James Forsyth James Forsyth

Politics: Will Gaddafi’s fall go to Cameron’s head?

David Cameron’s public utterances often appear to have been crafted to make him sound as much like Tony Blair as possible. 

David Cameron’s public utterances often appear to have been crafted to make him sound as much like Tony Blair as possible.

David Cameron’s public utterances often appear to have been crafted to make him sound as much like Tony Blair as possible. But when he discussed the fall of Tripoli on Monday, he was trying to do the opposite. There was no democratic triumphalism, no paeans to liberty and no kaleidoscopes being shaken. Instead, he emphasised the post-conflict planning that had already gone on and warned, ‘no transition is ever smooth or easy’. The subtext was clear: ‘Libya is not Iraq, and I am not Blair.’

Iraq was meant to have put the public and politicians off foreign adventures for a generation. But Britain ended up getting involved in another, new military intervention in Libya even before the inquiry into the Iraq war reported its conclusions.

Tellingly, this Libyan operation was London’s — and Paris’s — idea: the Americans would not have intervened if it had been left up to them. The campaign has provided proof, were it needed, that Britain remains an expeditionary nation keen on shaping the world.

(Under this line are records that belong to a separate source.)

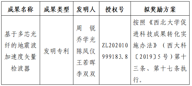 按照《广发体育促进科技成果转化实施办法》(西大科〔2019〕5号)相关规定,拟对广发体育物理学院周锐老师作为成果负责人的1件发明专利权实施转化,现将相关信息公示如下: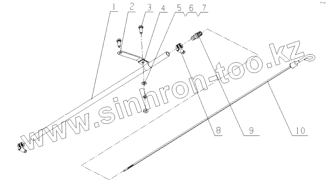 Каталог запасных частей к технике: Yuchai YC6J225N-52. J55G1-1028000/02 Oil Dipstick Part
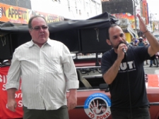 Ele lembrou que desde o final de fevereiro que as categorias vêm tentando negociar com o patronato a Convenção Coletiva 2010-2011 com avanços para os trabalhadores. “Em lugar disso, os patrões rasgam a nossa pauta e só apresentam o que lhes interessa: mais trabalho, criação de banco de horas, retirada de direitos e apenas reposição da inflação, com aumento real zero para as categorias. Dessa forma, não há como negociar”, ressalta. George Washington (de preto): “Hoje é dia de fazer barulho”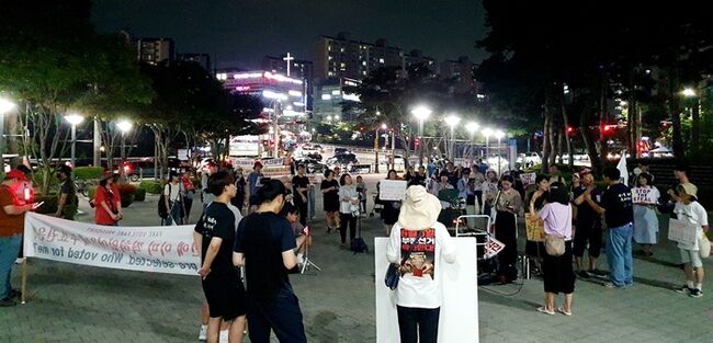 지난 여름 경기도 용인 수지에서 선관위 조처에 항의하는 집회가 열리고 있다. / 사진 제공=‘부정선거 신의작품인가’ 영화제작사 루이다코프 홍미란 대표.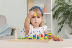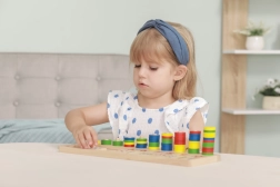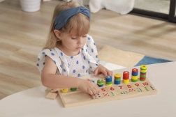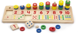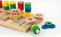 S pomočjo barvnih obročkov in oštevilčenih ploščic lahko otroci razvijajo svoje matematične spretnosti in numerično razmišljanje.

Yet the legacy of Iraq has shaped the contours of the Libyan mission. From the outset, the government knew that this couldn’t be another Western operation which led to British troops trying to keep the peace on another set of Middle Eastern streets. As a consequence, there has been a determination to secure Arab support for Nato’s mission, and ensure that the West expresses its support for the rebels with Tomahawk missiles rather than boots on the ground.

Cameron is determined not to repeat what he perceives as Blair’s foreign policy mistakes. He has thrown himself into the role of winning and maintaining Arab support.